### [Collected material]
%%

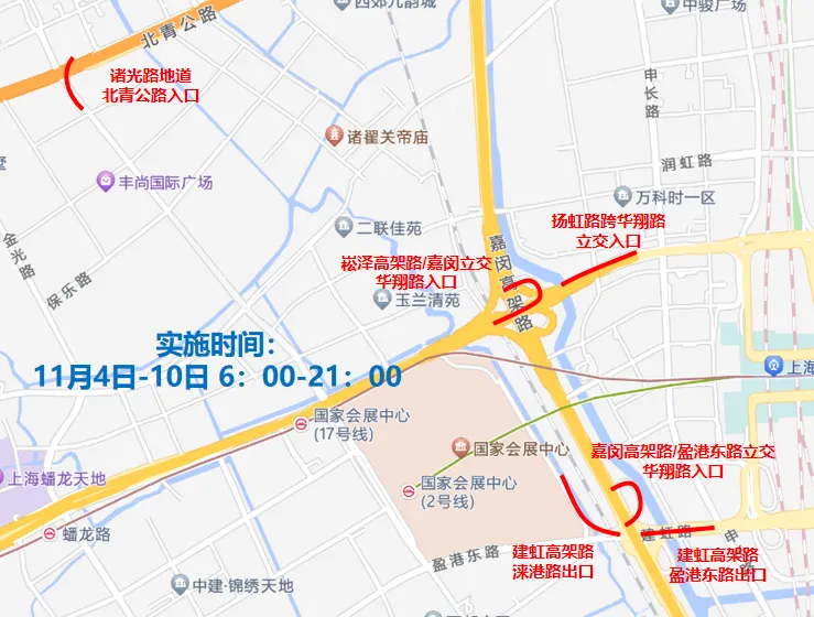 以及嘉闵高架路/盈港东路立交华翔路入口、建虹高架路盈港东路出口、建虹高架路涞港路出口、扬虹路跨华翔路立交入口、崧泽高架路/嘉闵立交华翔路入口以及诸光路地道北青公路入口,除下列车辆外,禁止其他机动车通行:执行公务的警车、消防车、救护车、工程抢险车;公交运营线路车辆;出租车;持有公安机关核发的各类进博会车辆证件和《控制区预约停车证》的车辆。
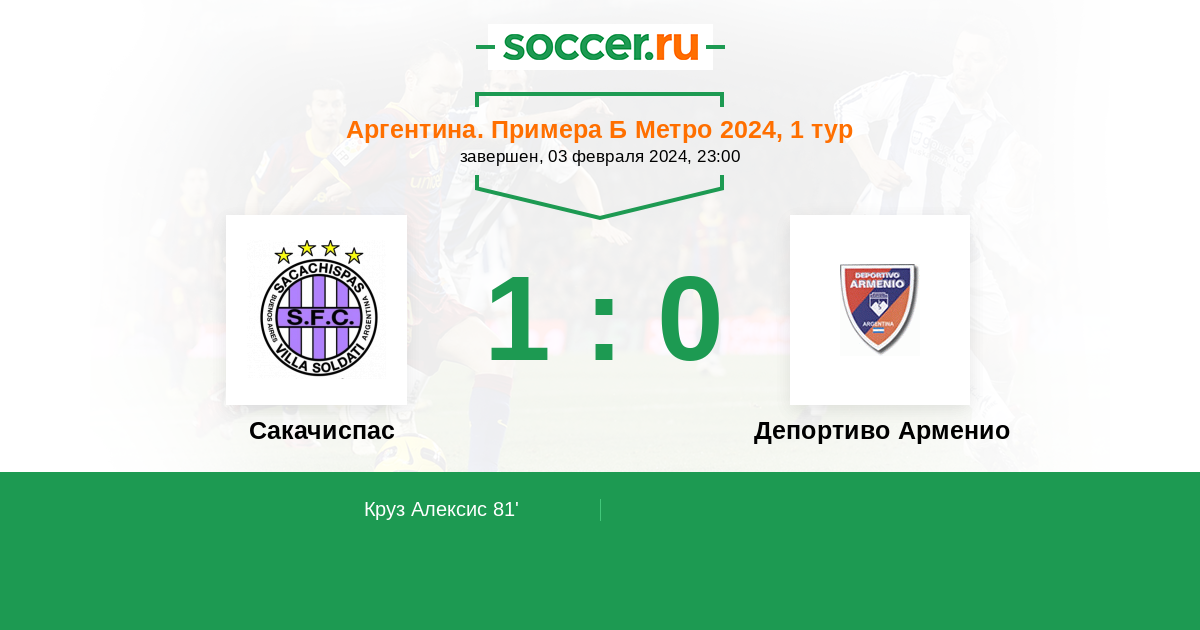 Протокол матча Сакачиспас против Депортиво Арменио
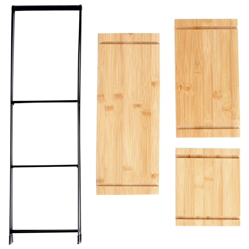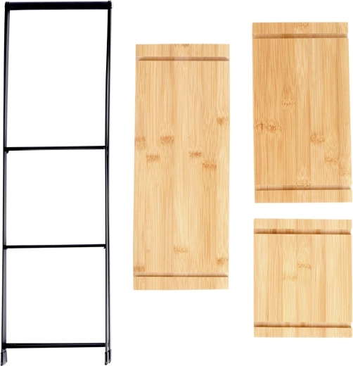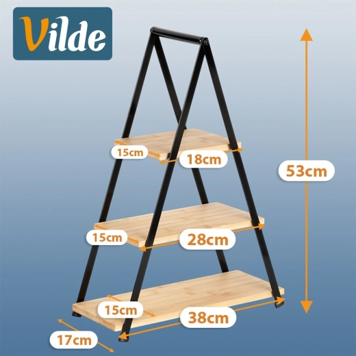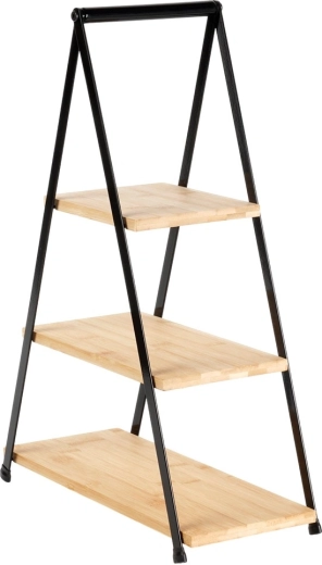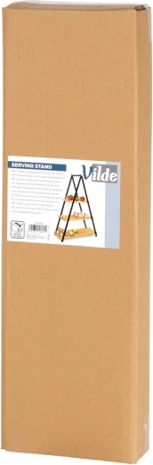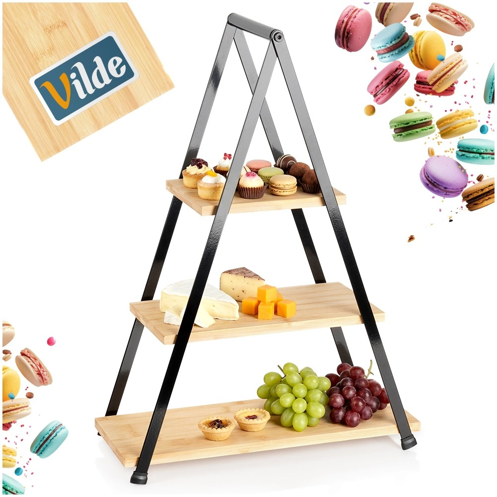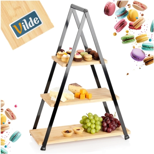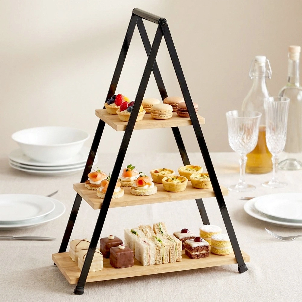 Izdelana je iz bambusovega lesa s kovinskimi nosilci v črni barvi, etažera je vzdržljiva, preprosta za čiščenje in se odlično ujema z modernim in naravnim slogom pogrinjanja. Uporabna doma in v gostinstvu za elegantno predstavitev cupcakeov, piškotov, sirov, sadja ali slanih prigrizkov.

%%

### [Directions for this task]
Return the listing above in full and without alteration, excluding its pictures.

### [Your response]
 以及嘉闵高架路/盈港东路立交华翔路入口、建虹高架路盈港东路出口、建虹高架路涞港路出口、扬虹路跨华翔路立交入口、崧泽高架路/嘉闵立交华翔路入口以及诸光路地道北青公路入口,除下列车辆外,禁止其他机动车通行:执行公务的警车、消防车、救护车、工程抢险车;公交运营线路车辆;出租车;持有公安机关核发的各类进博会车辆证件和《控制区预约停车证》的车辆。
 Протокол матча Сакачиспас против Депортиво Арменио
 Izdelana je iz bambusovega lesa s kovinskimi nosilci v črni barvi, etažera je vzdržljiva, preprosta za čiščenje in se odlično ujema z modernim in naravnim slogom pogrinjanja. Uporabna doma in v gostinstvu za elegantno predstavitev cupcakeov, piškotov, sirov, sadja ali slanih prigrizkov.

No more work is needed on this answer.